Argentine manufacturers expanded production during wartime shortages. Exports of manufactured goods increased from US$10 million in 1938 (2% of total exports) to US$131 million in 1946 (11% of total exports). However, this expansion was reversed due to the reconstruction of Western European industry and the shift back to civilian production in the United States. By 1949, manufactured exports had fallen to only US$21 million, comprising 2% of total exports—the same level as before the war.

Under President Frondizi's developmentalism model, foreign capital and technology were welcomed to build capital-intensive heavy industry. The dynamic sectors during this period were motor vehicles, steel, and petrochemicals. By the early 1970s, Argentina possessed a diversified industrial base. However, these industries were inefficient due to a lack of scale, extensive vertical integration, and excessive product differentiation. Argentine manufacturing was also characterized by underdeveloped capital goods industries and limited production of intermediate goods such as steel, aluminum, and paper.

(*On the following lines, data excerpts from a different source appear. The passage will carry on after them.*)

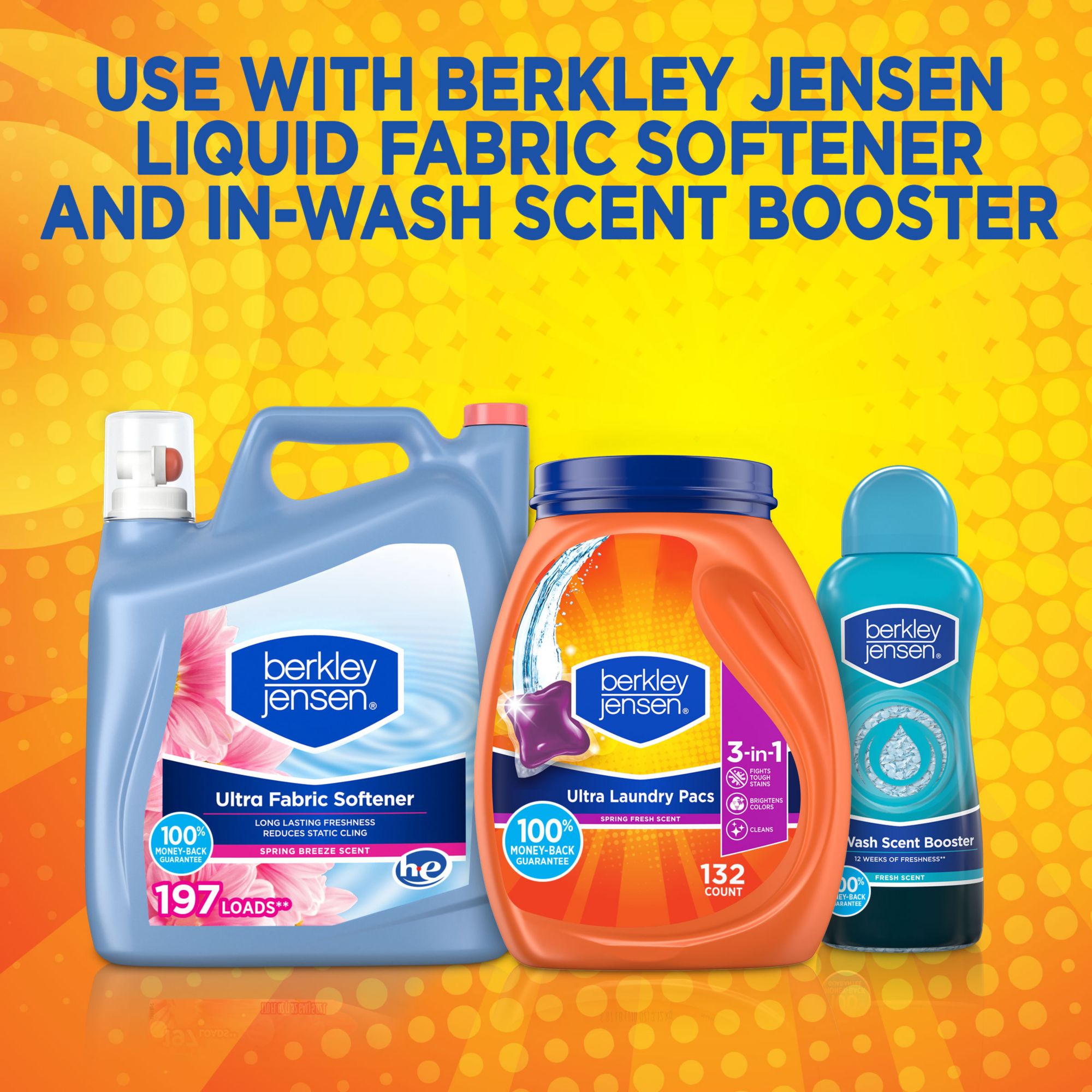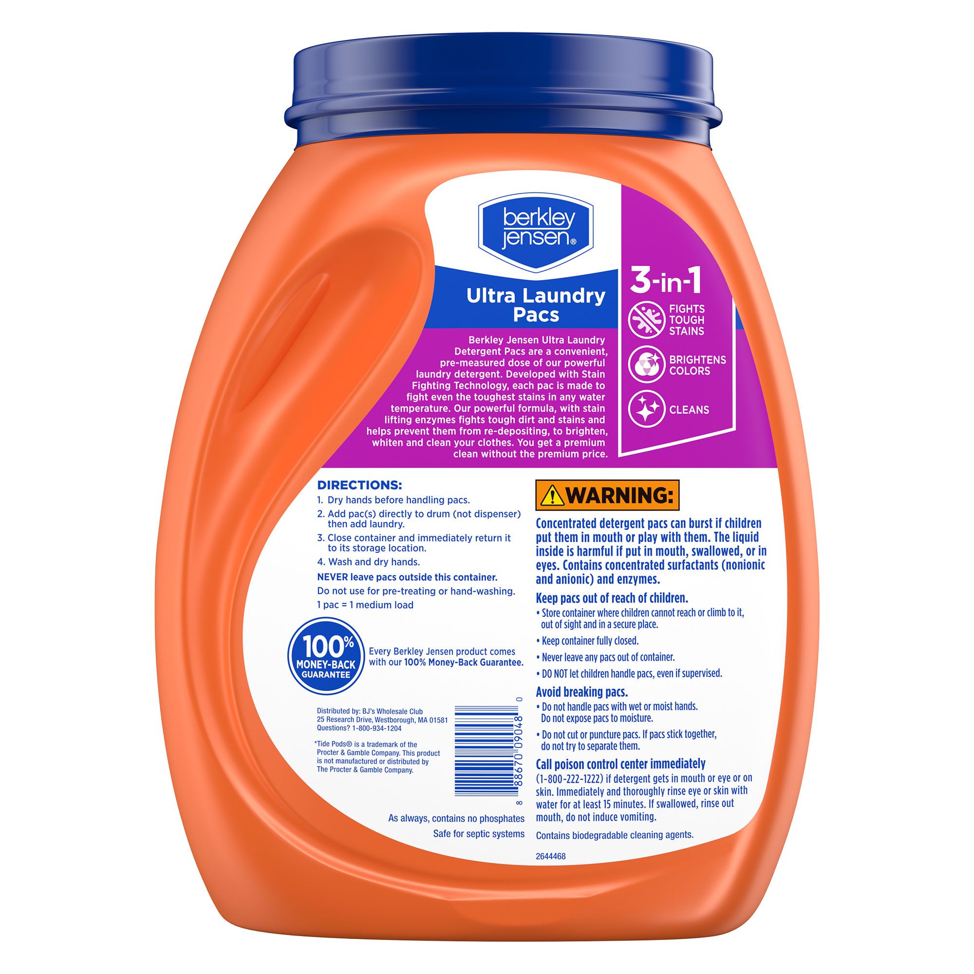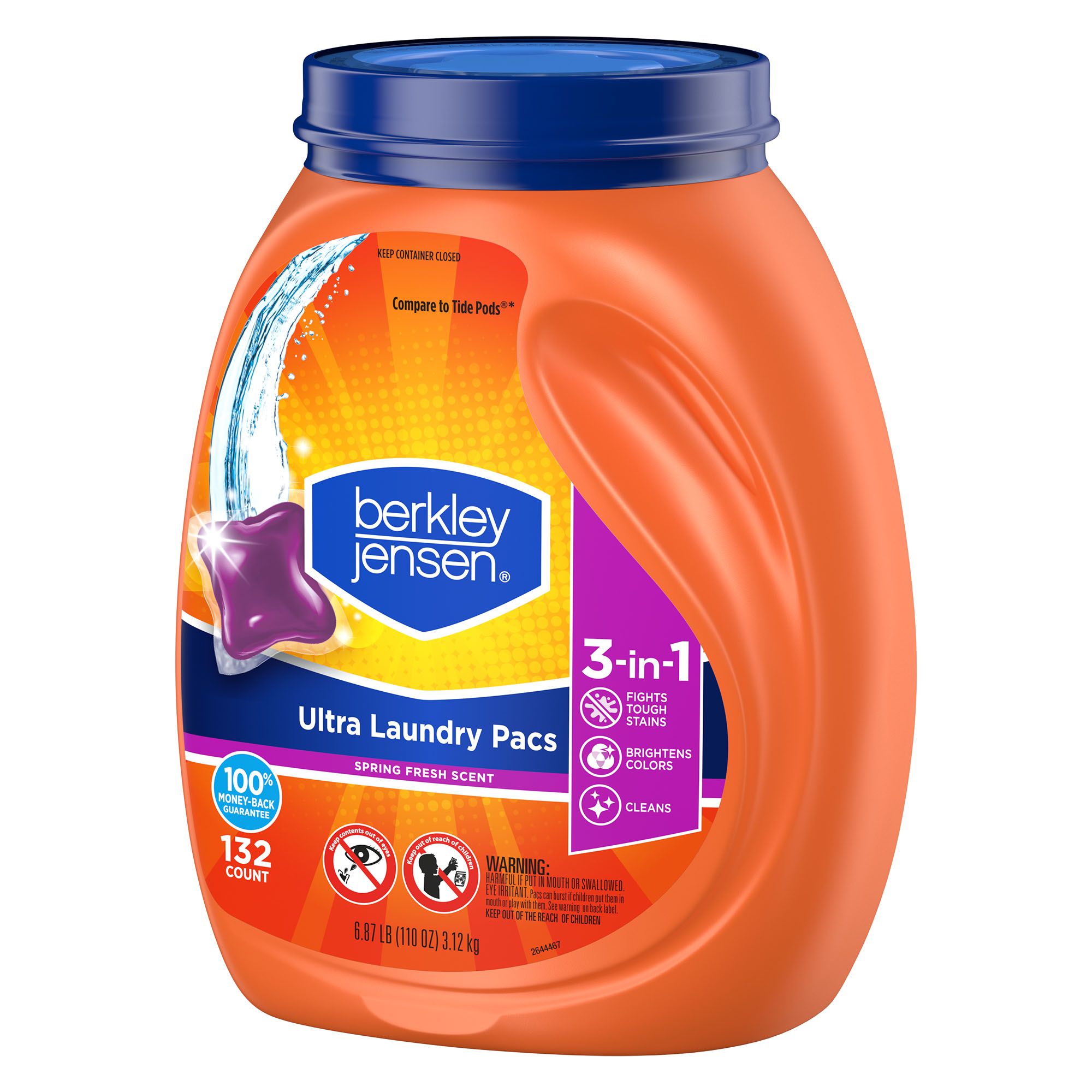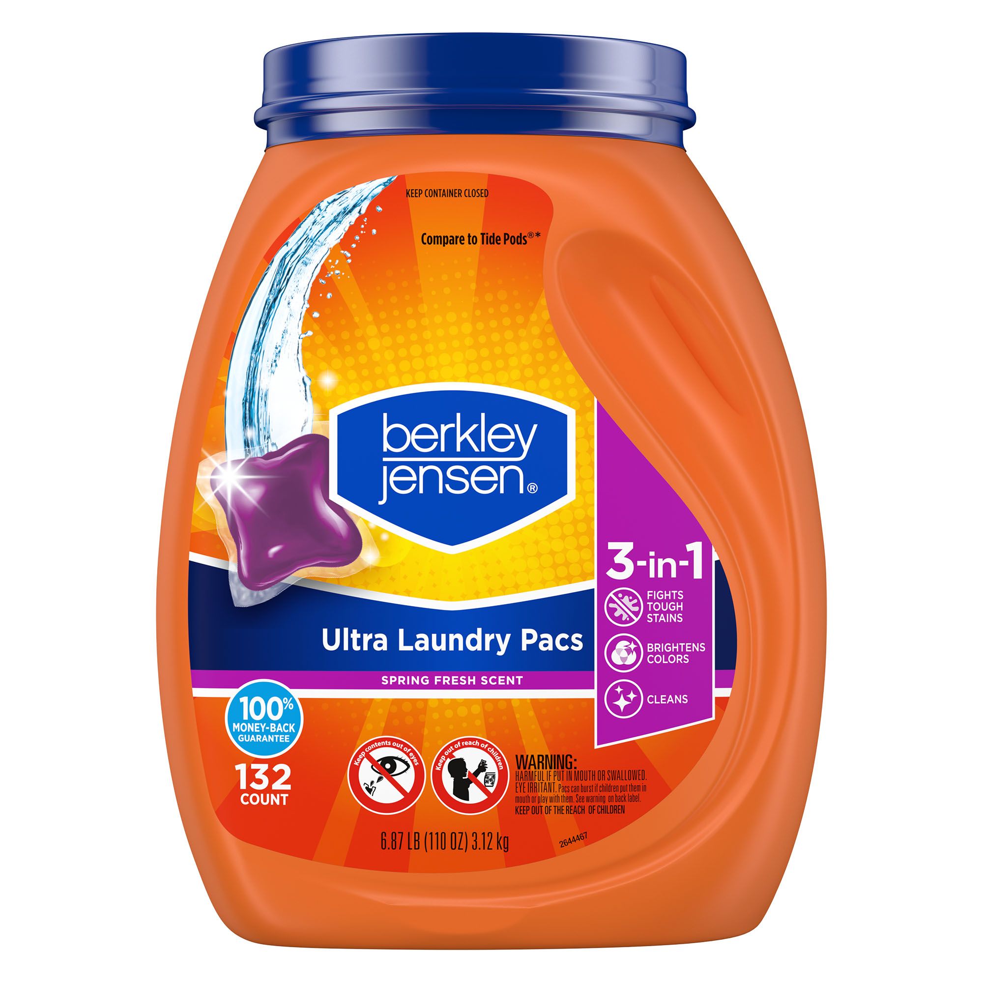 Berkley Jensen 3-in-1 Ultra Laundry Detergent Pacs are a convenient, pre-measured dose of powerful laundry detergent. Developed with Stain Fighting Technology, wash pac is made to fight even the toughest stains in any water temperature. Berkley Jensen's powerful formula, with stain lifting enzymes fights tough dirt and stains and helps prevent them from re-depositing, to brighten, whiten and clean your clothes. You get a premium clean without the premium price.
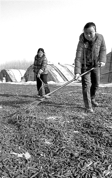 12月9日,河北省临西县后镇村辣椒种植专业合作社的社员在晾晒辣椒。
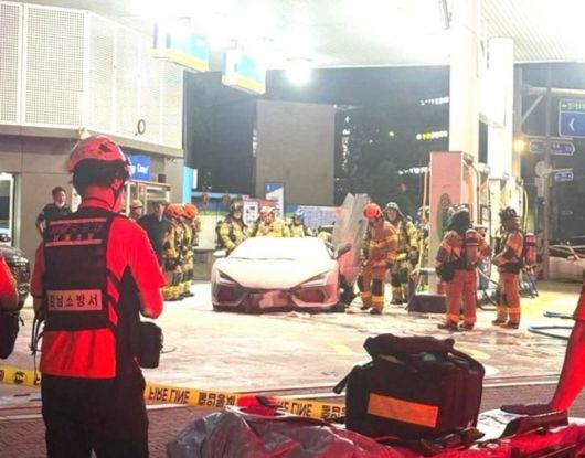 2일 소방 당국 등에 따르면 전날(1일) 오후 8시 54분 강남구 신사동의 한 주유소에서 주유 중이던 람보르기니에서 불이 났다.
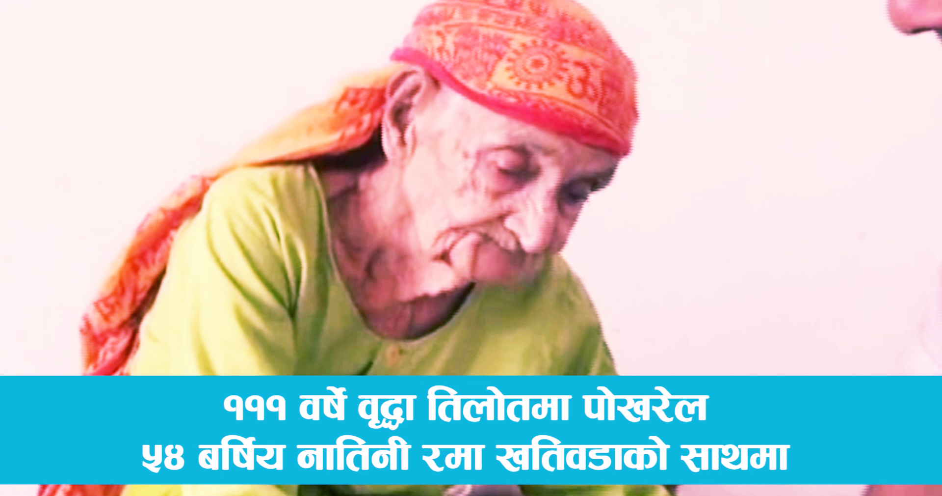 १८ साउन, ईटहरी। मोरङ्गको सुन्दरहरैचामा १११ बर्षिय बृद्ध भेटिएकी छिन । सुन्दरहरैचा ५ स्थित बलियामा तिलोतमा पोखरेल १९६३ सालको नागरिकता अनुसार उनि १११ बर्ष उमेर पुगेकी हुन । उनी अहिले ५४ बर्षिय नातिनी रमा खतिवडाको साथमा रहदै आएकी छिन । उनको अबस्था भने कान नसुनिने बायेक अरु सामान्य जस्तै छ । अरुले बोलेको काम सुन्ने र आखा कमजोर बायेक हिड्ने डुल्ने सक्ने पोखरेल देखेर सबै अच्चमित बन्ने गरेका छन । एक महिना अघि छातीमा समस्या देखिएपछि मात्र थलिएकी पोखरेल हिड्ने डुल्ने, आफै नुहाउने खाने, गफ गर्ने आदी सबै गदै आएकी छिन ।
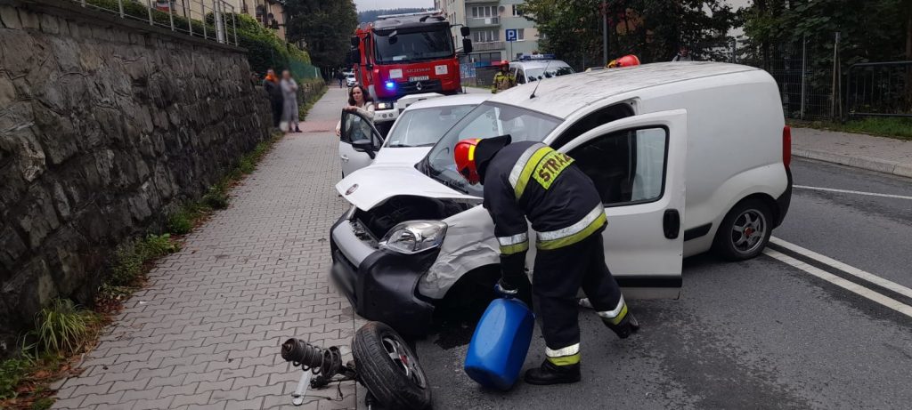 Kolizja na ulicy Kraszewskiego w Krynicy-Zdroju
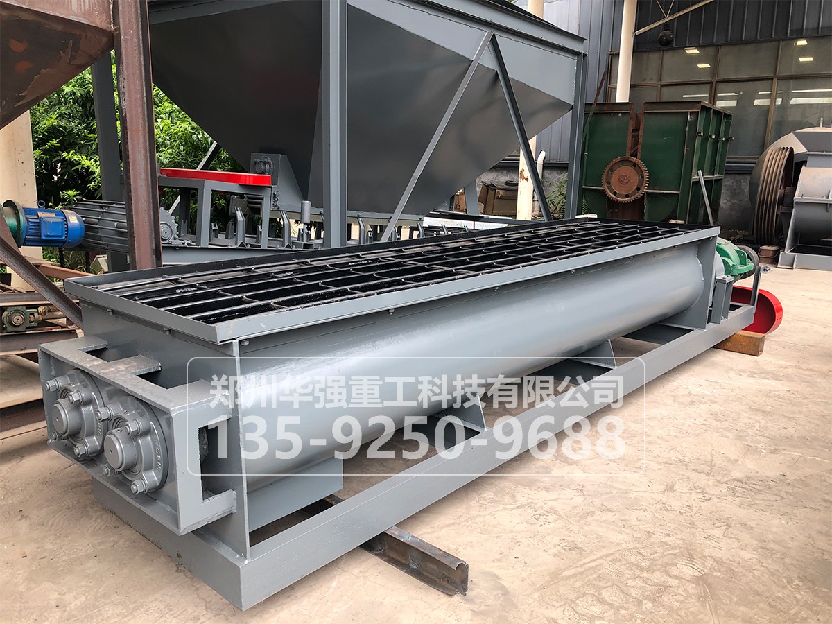 工作原理:當(dāng)干粉狀物料由給料機(jī)定量通過進(jìn)料口均勻進(jìn)入槽體后,動力傳動機(jī)械帶動裝有多組葉片的螺旋形主軸轉(zhuǎn)動,通過對嚙合傳動齒輪帶動被動螺旋軸與主軸作等速相對轉(zhuǎn)動,從而使物料被攪和和并推進(jìn)至槽體加濕段,在物料被推進(jìn)至加濕段后,加濕器自動對物料進(jìn)行噴濕,進(jìn)而至槽體后攪拌段進(jìn)行充分?jǐn)嚭停?dāng)物料達(dá)到可控濕度后由出料口卸出,進(jìn)入下一道工序。

With a saturated domestic market and the need to generate foreign currency, successive Argentine governments starting in the mid-1960s promoted industrial exports through financial incentives and managed trade agreements. Exports of manufactured goods increased from US$250 million in 1970 (14% of total exports) to US$1.9 billion in 1980 (23% of total exports).

=== Deindustrialization 1975–2002 ===
The military regime that ruled Argentina from 1976 to 1983 attempted to liberalize the economy. Under Economy Minister José Alfredo Martínez de Hoz, public policy emphasized the sinceramiento of the economy (roughly translated as 'making the economy sincere) based on comparative advantage. During the first two years of the military administration, industrial production continued to grow despite a reduction of tariffs from an average of 90% in 1976 to 50% in 1978; historians credit the improved scale and competitiveness during the export promotion era of the early 1970s. However, after 1978, rising interest rates and overvaluation of the peso as part of Martínez de Hoz's anti-inflation strategy resulted in an influx of imported goods that overwhelmed local industry. This economic liberalization extended through the Menem era.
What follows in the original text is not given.